The Gestion case involved the tax assessment of two different holding companies (“Gestion Roy” and “445 Canada”). Mr. Roy was the controlling shareholder of both companies. Gestion Roy was the majority shareholder of an operating company (“R3D”), with 445 Canada being the majority shareholder of another related operating company (“R3D International”). As part of a shareholders’ agreement involving Mr. Roy and a large number of arm’s length employees of R3D and R3D International, Gestion Roy and 445 Canada collectively acquired six insurance policies on the life of Mr. Roy. R3D was designated as revocable beneficiary under each policy and directly paid the insurance premiums. Also, upon the subsequent surrender of those policies, the cash surrender values were paid to R3D and it declared the income arising from the disposition of those policies.

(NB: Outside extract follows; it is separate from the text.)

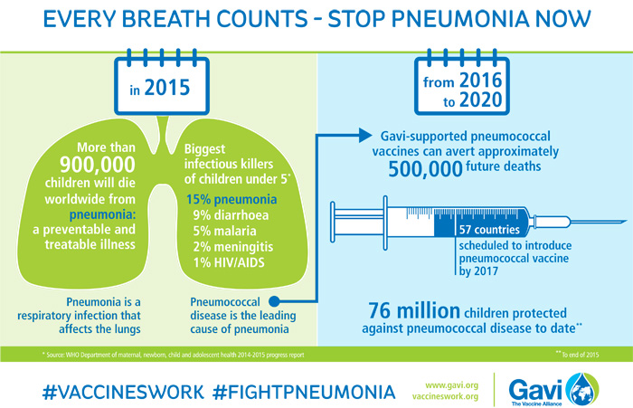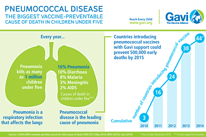 Pneumonia kills nearly 1 million children under five and pneumococcal disease is the leading cause of pneumonia. Countries introducing pneumococcal vaccines with Gavi support could prevent 500,000 early deaths by 2020.

The Canada Revenue Agency (CRA) assessed Gestion Roy for a shareholder benefit under subsection 15(1) of the Income Tax Act on the basis of R3D having paid the premiums under the policies that Gestion Roy owned. Similarly, the CRA assessed a taxable benefit to 445 Canada for the premiums paid by R3D on the policies that it owned, this time using an “indirect tax benefit” provision since it was not a shareholder of R3D.

The taxpayers appealed these assessments, arguing there were valid business reasons for structuring the life insurance arrangements in this manner. The Tax Court responded that while there may be bona fide reasons for this arrangement, the real question was whether a taxable benefit had been conferred on the taxpayers.

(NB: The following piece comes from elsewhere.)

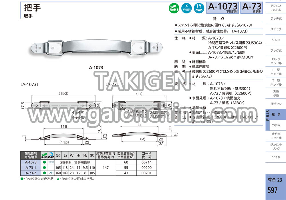 备 注·也有黄铜板(C2600P)镀铬(MBCr)产品。(A-73)

The taxpayers also took the position that despite the holding companies owning the policies, R3D should in effect be treated as the beneficial owner of the policies, since it paid all the premiums under the policies, claimed the proceeds on their surrender, and paid the related taxes. The Tax Court did not accept this argument either, taking the view that the taxpayers were clearly on title as owners, and R3D was merely the beneficiary and could not exercise any contractual rights under the policies.

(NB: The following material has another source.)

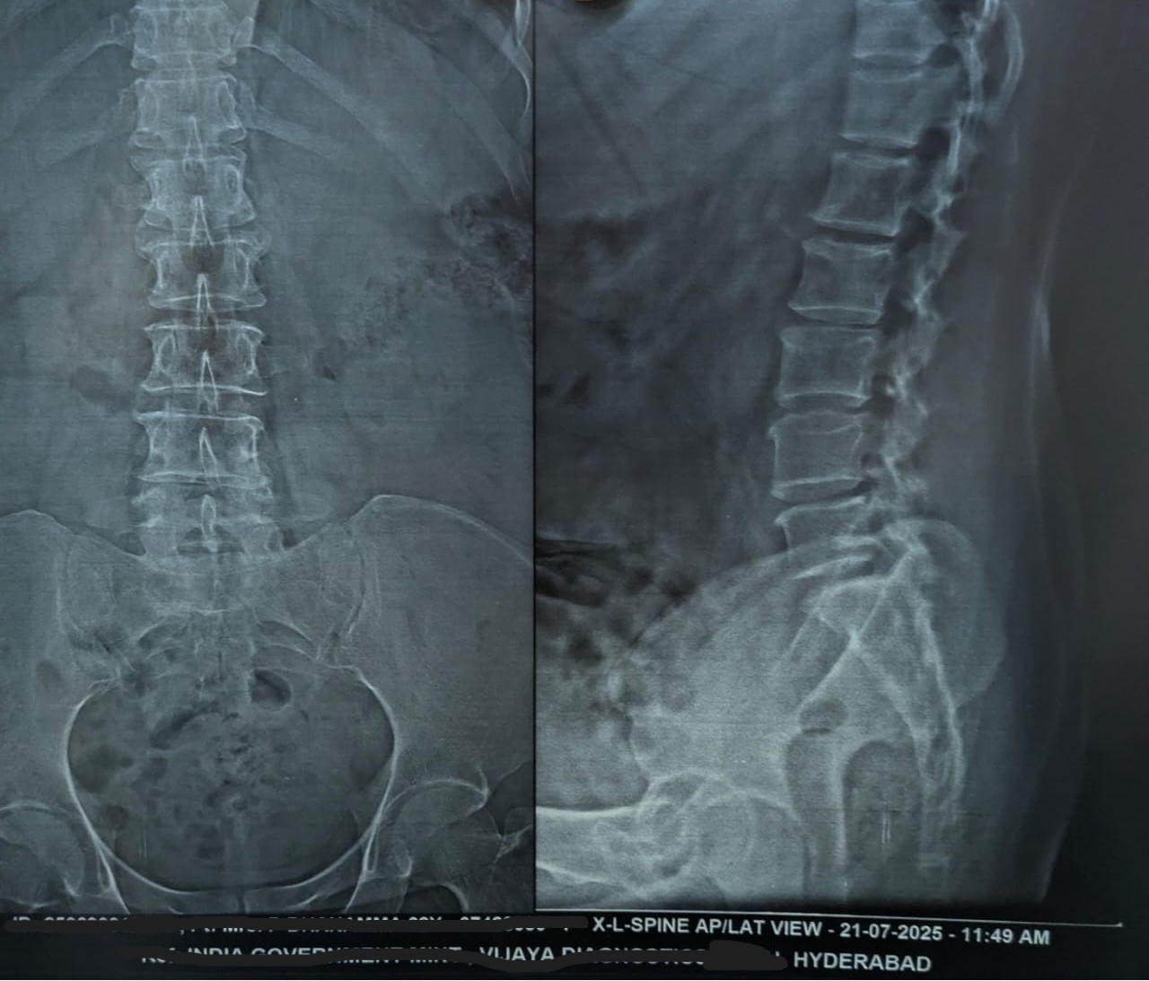 Lumbar spine X-ray after 14 days of Marma therapy (21 Jul 2025)

Finally, the taxpayers took the position that they did not “benefit” from this arrangement as they did not either receive any death benefits or the proceeds arising from the surrender of those policies. The Tax Court once again dismissed these arguments, noting that the taxpayers benefited as they did not have to pay the substantial premiums they were otherwise obligated to pay as owners of these policies.

The Tax Court therefore upheld the CRA’s assessment of taxable benefits to the taxpayers.

Some Observations

It is important to note that the taxpayers have appealed this case, and the Federal Court of Appeal may ultimately overturn the decision. However, based on recent CRA interpretations and the Gestion case, taxpayers should avoid establishing arrangements in which the corporate beneficiary (whether revocable or irrevocable) directly pays the insurance premiums or reimburses the owner of the policy (whether an individual or corporation) for payment of the insurance premiums. In particular, when there is a Holdco/Opco relationship, the safer route would be for Opco to pay dividends to Holdco to assist in the payment of the insurance premiums.

In addition, a number of other issues must be considered when establishing insurance as part of a Holdco/Opco arrangement, including how best to creditor protect the policy and insurance proceeds, what happens to the policy if Opco is sold, what the most tax-efficient way to pay the insurance premiums is, and how rights and interests of other shareholders will be affected by the ownership structures. Implementation of these arrangements often requires a co-ordinated approach involving the client’s tax, legal, accounting, and insurance advisors.